Le Plessis-Robinson ? Trois kilomètres carrés situés quelque part au fin fond des Hauts-de- Seine entre Clamart et Châtenay-Malabry, presque à la lisière de l’Essonne et des Yvelines. Après des décennies de gestion de gauche, cette banlieue rouge vire RPR à la fin des années 1980 pour cause d’usure du pouvoir et de désindustrialisation, un phénomène qui touche l’ensemble du département[1. Pour le seul scrutin de 1983, PC et PS perdent Suresnes, Antony, Châtillon et Levallois.]. Mais là où beaucoup de jeunes maires de droite du « 9-2 » auront pour seul objectif le rééquilibrage sociologique de la population, donc construiront à tour de bras de la copropriété pour CSP+ sur les friches industrielles, au Plessis, Philippe Pemezec se lance dans un pari nettement plus osé : donner une âme à sa cité-dortoir.
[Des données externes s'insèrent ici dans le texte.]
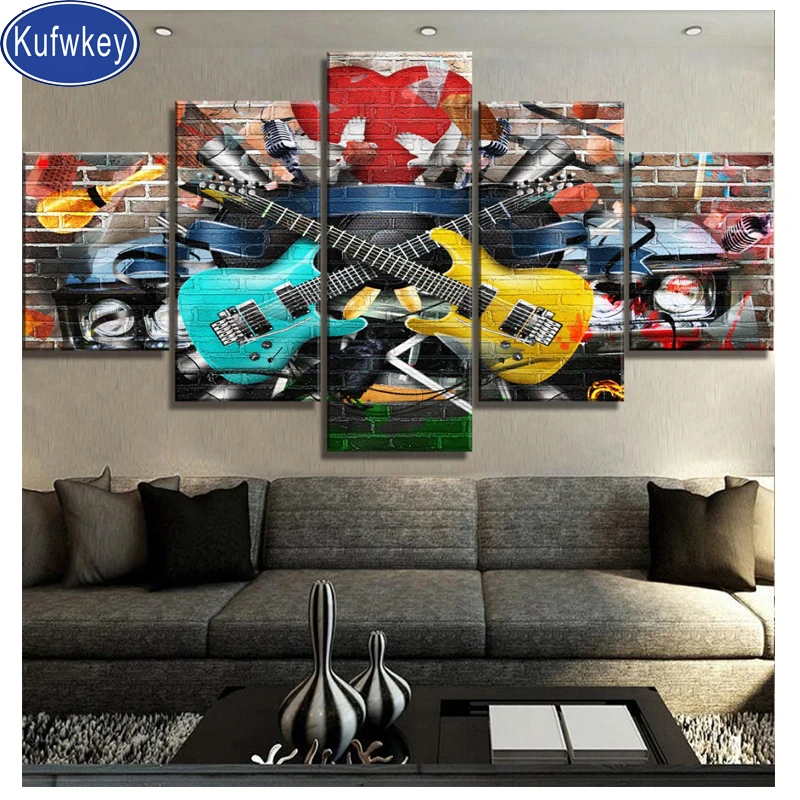 BEST fantasy Guitar Hobby Musical Instruments full drill square diamond painting 5pcs mosaic diamond emb
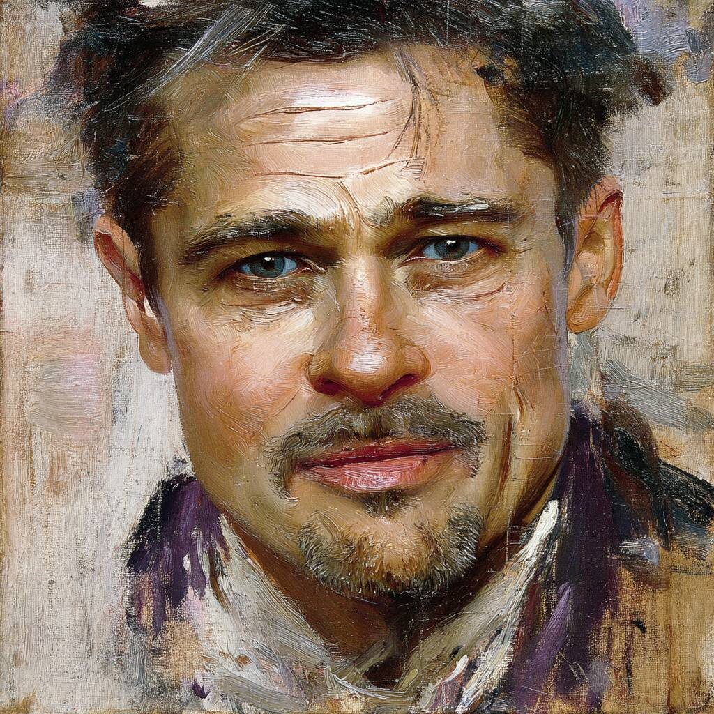 🎨 Обычно «Портретную историю» заказывают для детей или женщин. Им ближе тема искусства, и это всегда очень трогательно. Но однажды меня попросили сделать книгу для мужчины. Это был один из первых таких заказов, и я очень волновалась. Делала сама, даже ночью. И каково было моё удивление — формат в 14 стилях художников вызвал настоящий фурор. Столько благодарности и тёплых слов! Эта история навсегда останется у меня в сердце ❤️ 📖 Саму книгу я показать не могу (это личный заказ). Но прикладываю фото обычного экземпляра — и портрет Брэда Питта в стиле Николая Фешина, чтобы вы почувствовали атмосферу. Искусство работает с каждым. Независимо от возраста и пола. Главное — увидеть себя в нём ✨
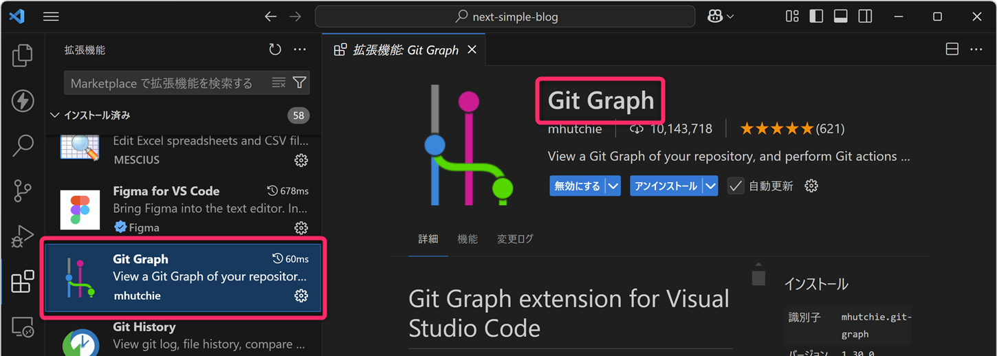 ここでは、VSCode の拡張機能「Git Graph」を使った方法を紹介したいと思います。Git Graph はコミット履歴をグラフィカルに表示し、ブランチの分岐やマージの関係を視覚的に把握できる拡張機能ですが、今回は差分表示機能を利用していきます。まずは、Git Graph をインストールします。
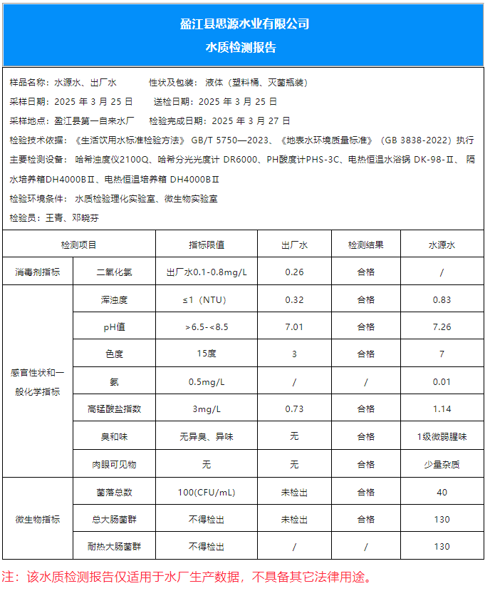 2025年3月25日盈江县第一自来水厂《水质检测报告》
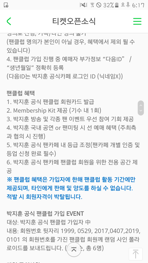 박지훈 공식팬클럽 신청 떴네

À coups de pelle, de pioche et de projets qui font hurler les disciples de Le Corbusier.

Résultat, il suffit d’aller sur place pour constater qu’on n’a pas, mais alors pas du tout, l’impression d’être dans une ville nouvelle : immeubles haussmanniens, tourelles en ardoise façon « La Belle au bois dormant », fontaines ornementées, passerelles en bois, et même curieux manoirs néogothiques qu’on croirait transférés pierre par pierre par un déménageur fou depuis le Sussex ou le Connecticut. Et au milieu coule une rivière – artificielle, la rivière, mais qui s’en soucie ?[access capability= »lire_inedits »]

Bref un mélange sucré-salé entre quartier parisien et village médiéval avec, en bonus, une petite touche écolo. Pemezec a fait de son plan architectural son cheval de bataille et son programme électoral. Un projet qui dépasse les clivages politiques, emportant à chaque fois un succès plus important, jusqu’à 77,03 % dès le premier tour de ces municipales 2014.
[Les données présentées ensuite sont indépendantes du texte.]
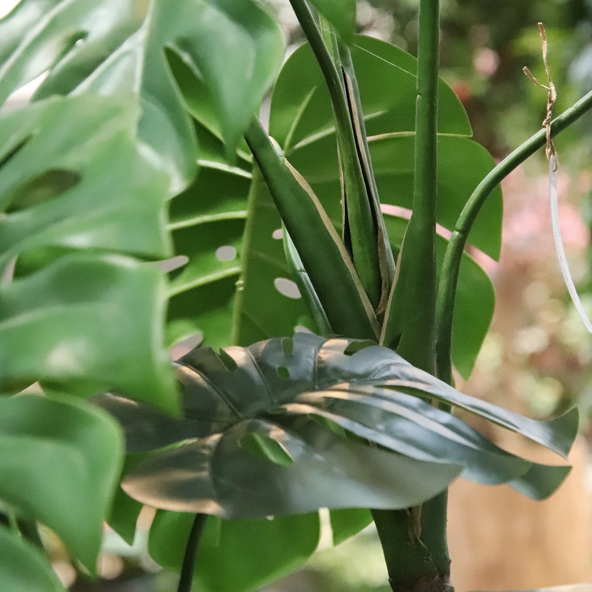 La Monstera come la conoscete, forse una delle piante d'appartamento più popolari, ma questa volta con un tocco realistico: Questa caratteristica aggiuntiva offre un tocco più morbido e realistico quando si toccano le foglie. Inoltre, la pianta presenta una lu
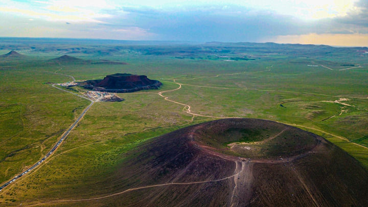 依托乌兰哈达火山群这一核心资源,察右后旗建成火山草原生态旅游区,火山研学、星空露营等新业态迅速崛起。“您可以策马奔腾在草原上,感受风的速度与自由;可以探访古老的遗址,触摸历史的脉络;可以漫步在火山脚下,聆听地球的心跳;也可以在民宿中体验察右后旗人民的热情,品尝纯正火山草原牛羊肉。”郑珺描绘道。
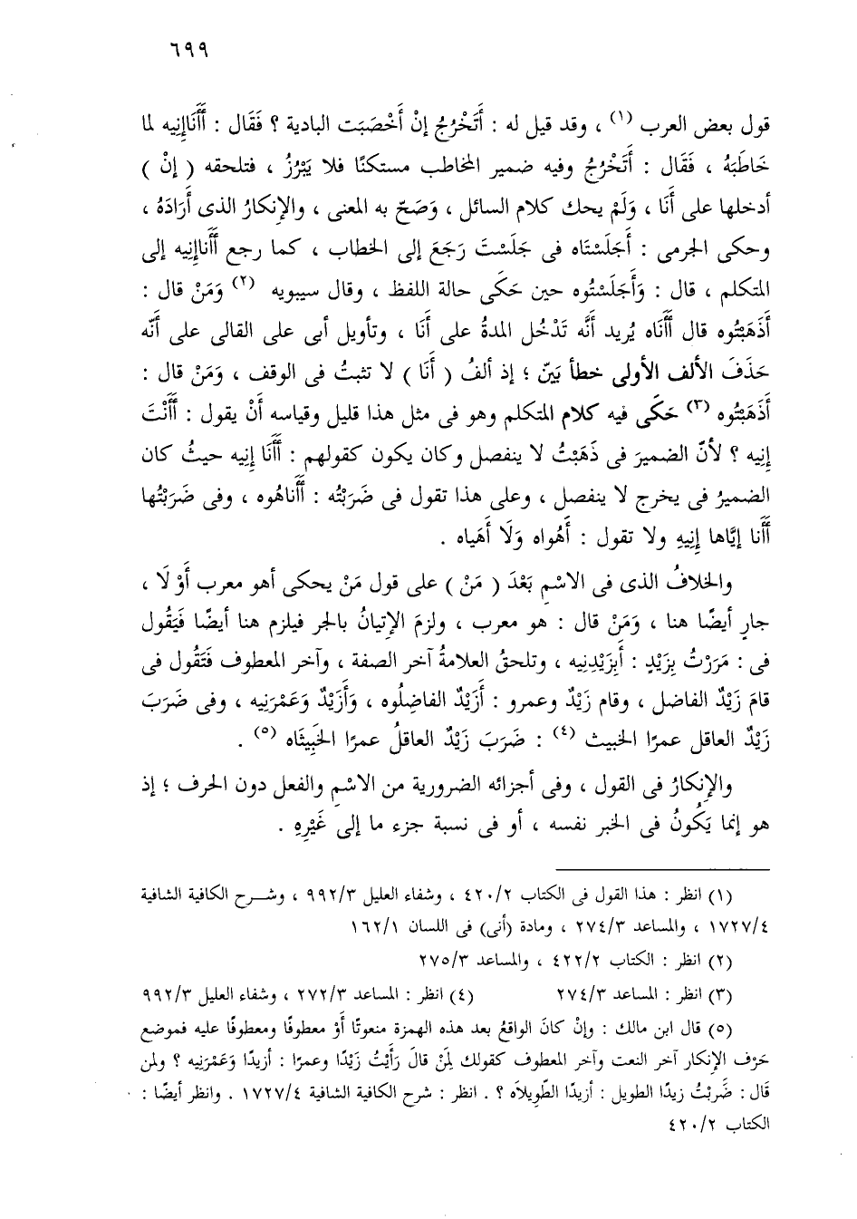 قول بعض العرب، وقد قيل له: أتخرج إن أخصبت البادية؟ فقال: أأنإنيه لما خاطبه، فقال: أتخرج وفيه ضمير المخاطب مستكنًا فلا يبرز، فتلحقه (إن) أدخلها على أنا، ولم يحك كلام السائل، وصح به المعنى، والإنكار الذي أراده، وحكى الجرمي: أجلستاه في جلست رجع إلى الخطاب، كما رجع أأنإنيه إلى المتكلم، قال: وأجلستوه حين حكى حالة اللفظ، وقال سيبويه ومن قال: أذهبتوه قال أأناه يريد أنه تدخل المدة على أنا، وتأويل أبي على القالي على أنه حذف الألف الأولى خطأ بين؛ إذ ألف (أنا) لا تثبت في الوقف، ومن قال: أذهبتوه حكى فيه كلام المتكلم وهو في مثل هذا قليل وقياسه أن يقول: أأنت إنيه؟ لأن الضمير في ذهبت لا ينفصل وكان يكون كقولهم: أأنا إنيه حيث كان الضمير في يخرج لا ينفصل، وعلى هذا تقول في ضربته: أأناهوه، وفي ضربتها أأنا إياها إنيه ولا تقول: أهواه ولا أهياه.
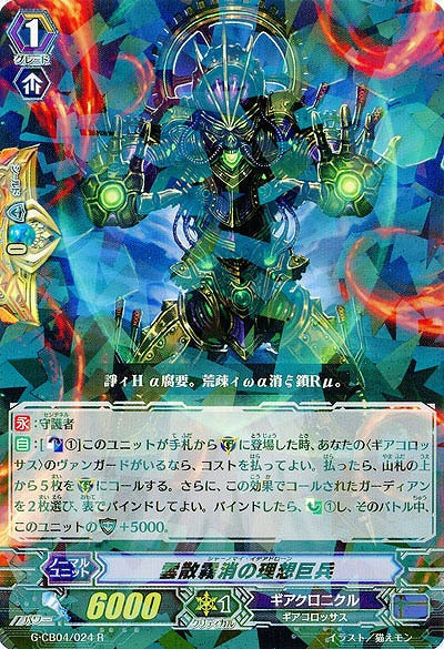 【永】:守護者【自】:[【カウンターブラスト】(1)]このユニットが手札から(G)に登場した時、あなたの〈ギアコロッサス〉のヴァンガードがいるなら、コストを払ってよい。払ったら、山札の上から5枚を(G)にコールする。さらに、この効果でコールされたガーディアンを2枚選び、表でバインドしてよい。バインドしたら、【カウンターチャージ】(1)し、そのバトル中、このユニットのシールド+5000。
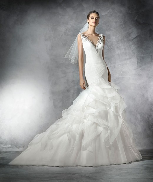 أما فستان "بريشيوس Precious" من "برونوفياسPronovias " فقد جاء أنيقا جدا بقصة لحورية البحر من قماش التل مع تقويرة V للعنق؛ مرفوق بطرحة يصل طولها إلى الكوعين في حلة عصرية وأنيقة للغاية.
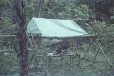 Nous devons partir en manœuvre attaquer le Camp Caïman, sur la piste de kaw. À l’époque, c’était un ancien camp du BRGM (bureau de recherche géographique et minier) abandonné. Nous devons partir de la route de l’est, traverser la jungle à pied, puis le fleuve comté à la nage, re-jungle et en arrivant par le placer trésor, ma section attaque un dépôt d’essence sur la route du dégrad Lalane. L’opération c’est bien passé. Avec quelques compagnons, j’ai fait diversion en pillant les cuisines adverses alors qu’une réception était en préparation et grenadé la Jeep du lieutenant-colonel qui était à la fois arbitre, observateur neutre et frustré d’un bon repas… permettant ainsi au gros de la troupe d’accomplir leur mission sans coup férir.
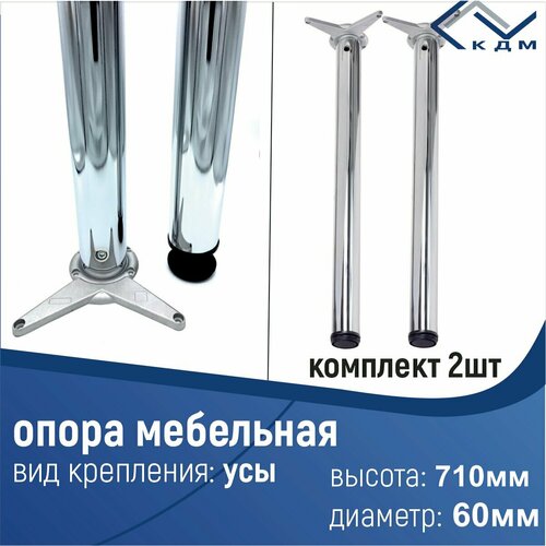 Опора ножка для стола регулируемая усы 60х710 мм, хром, комплект 2шт.
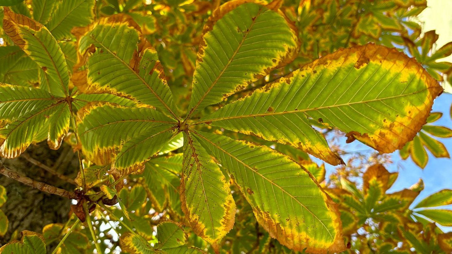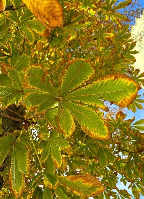 - Blätter: handförmig, aus 5-7 Einzelblättern, bis zu 25 cm lang

Vendredi, jour de marché. Sous la halle néo- Baltard, c’est un festin rabelaisien. On est à une semaine des élections, le maire serre des mains à n’en plus finir. « Il vient toujours, même quand on ne vote pas », me souffle un marchand de primeurs derrière ses monticules de fruits et légumes. Deux amies, une blonde et une rousse, bras dessus bras dessous, se posent devant l’élu. La blonde : « J’adore la ville ! » La rousse : « Elle vient de s’installer ! Moi je veux venir aussi ! » Gaies comme des pinsons, les deux sexagénaires étaient voisines à Clamart. « Mais là, j’ai tout à côté », reprend la blonde. La rousse : « C’est pour ça que je vais déménager. » Et le duo s’envole en gringottant…

Même les opposants y trouvent leur compte. Julie, coiffeuse, raconte, tout en faisant la queue pour un carré d’agneau : « Moi, je jetterais le maire mais je garderais l’architecture. Certains disent que c’est Disney ici, mais y’a rien à dire, c’est un petit village à côté de Paris, et ceux qui n’aiment pas peuvent aller à La Défense si c’est leur truc ! »
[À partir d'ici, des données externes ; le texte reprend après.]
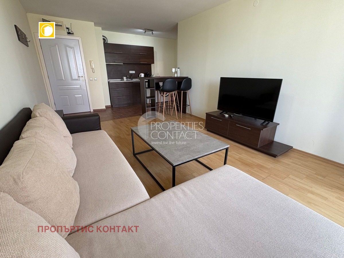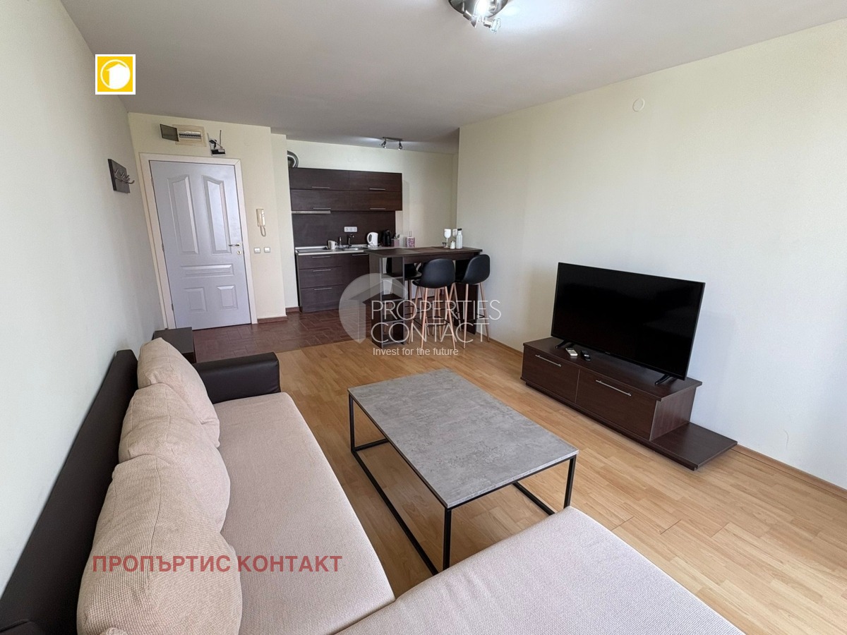 Предлагаме за продажба двустаен апартамент с площ 70 кв.м, разположен на 2-ри етаж в комплекс Панорама Форт Нокс, Свети Влас. Апартаментът е напълно обзаведен и оборудван, готов за живеене или отдаване под наем. Характеристики на имота: Площ: 70 кв.м Етаж: 2 Разпределение: антре, хол с кухненски бокс, спалня, баня с тоалетна, просторна тераса с гледка към парка и странична гледка море Обзаведен с мебели и техника Удобства в комплекса Форт Нокс Гранд Ризорт: 15 басейна за възрастни и деца 2 ресторанта, супермаркети и магазини Детски площадки и зелени зони за отдих Зона за барбекю 3 паркинга Автобусна спирка пред комплекса Локация: 1,5 км от Свети Влас 2 км от Елените На първа линия до морето Такса поддръжка: 14,5 €/кв.м годишно ? Подходящ за целогодишно живеене, ваканционен имот или инвестиция с добра доходност.
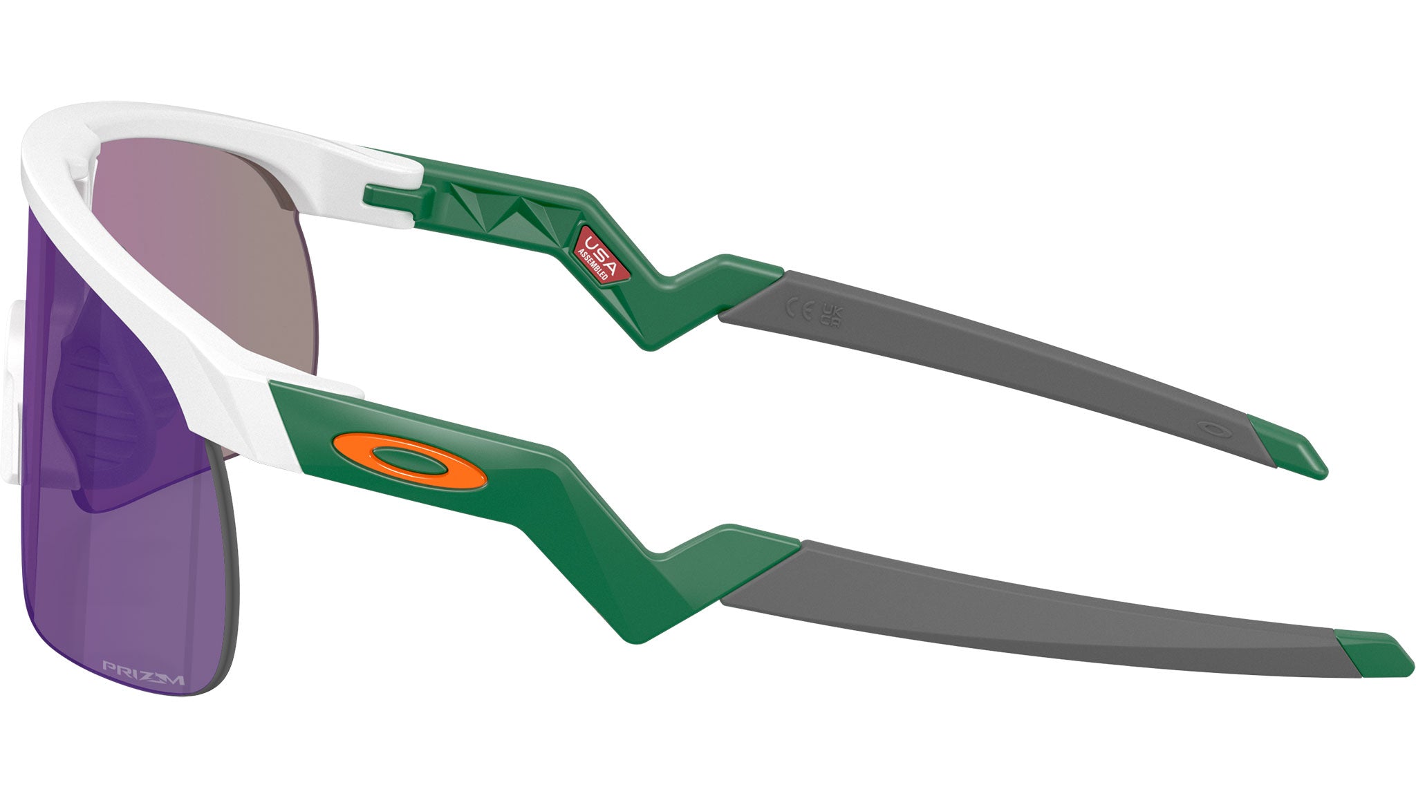 Occhiali da sole Oakley Youth da ragazzo modello OJ9010 con montatura full rim in nylon bianco opaco e lente in policarbonato giada prizm. Vestibilità universale. Linea: Sport Performance. Codice modello: 0OJ9010. Codice colore: 33. Rivenditore autorizzato online Oakley Youth. Gli occhiali includono la custodia e gli accessori originali e sono coperti da una garanzia globale di 12 mesi.

Dans la foule gourmande des Robinsonnais, on trouve pas mal de chalands venus des communes voisines. Jeanne vient d’acheter un bouquet d’anémones : « Il y a un marché à Clamart, mais je préfère venir ici. Là-bas, on ne trouve rien, et puis, il n’y a pas de parking. » Les marchands ont la niaque, les affaires ont l’air de rouler. Malgré tout, certains grognent : la ville est victime de son succès. Samy vend des vêtements sous une tente à l’extérieur de la grande halle. Il n’aime plus trop travailler au Plessis : « Les stands deviennent trop chers. Du coup, les prix des produits augmentent aussi. Les légumes sont beaucoup plus chers ici qu’à Malakoff. » C’est indéniable, la cité prend de la valeur et le coût de la vie suit. Les prix de l’immobilier ont atteint ceux de La Défense, bien plus proche de Paris, et surtout infiniment mieux desservie par les transports en commun. Les tours vitrifiées de Puteaux et de Courbevoie courent après leur splendeur d’antan, alors qu’on s’arrache les 3-pièces-cuisine du Cœur de Ville, à vingt minutes à pied du RER, en marchant vite.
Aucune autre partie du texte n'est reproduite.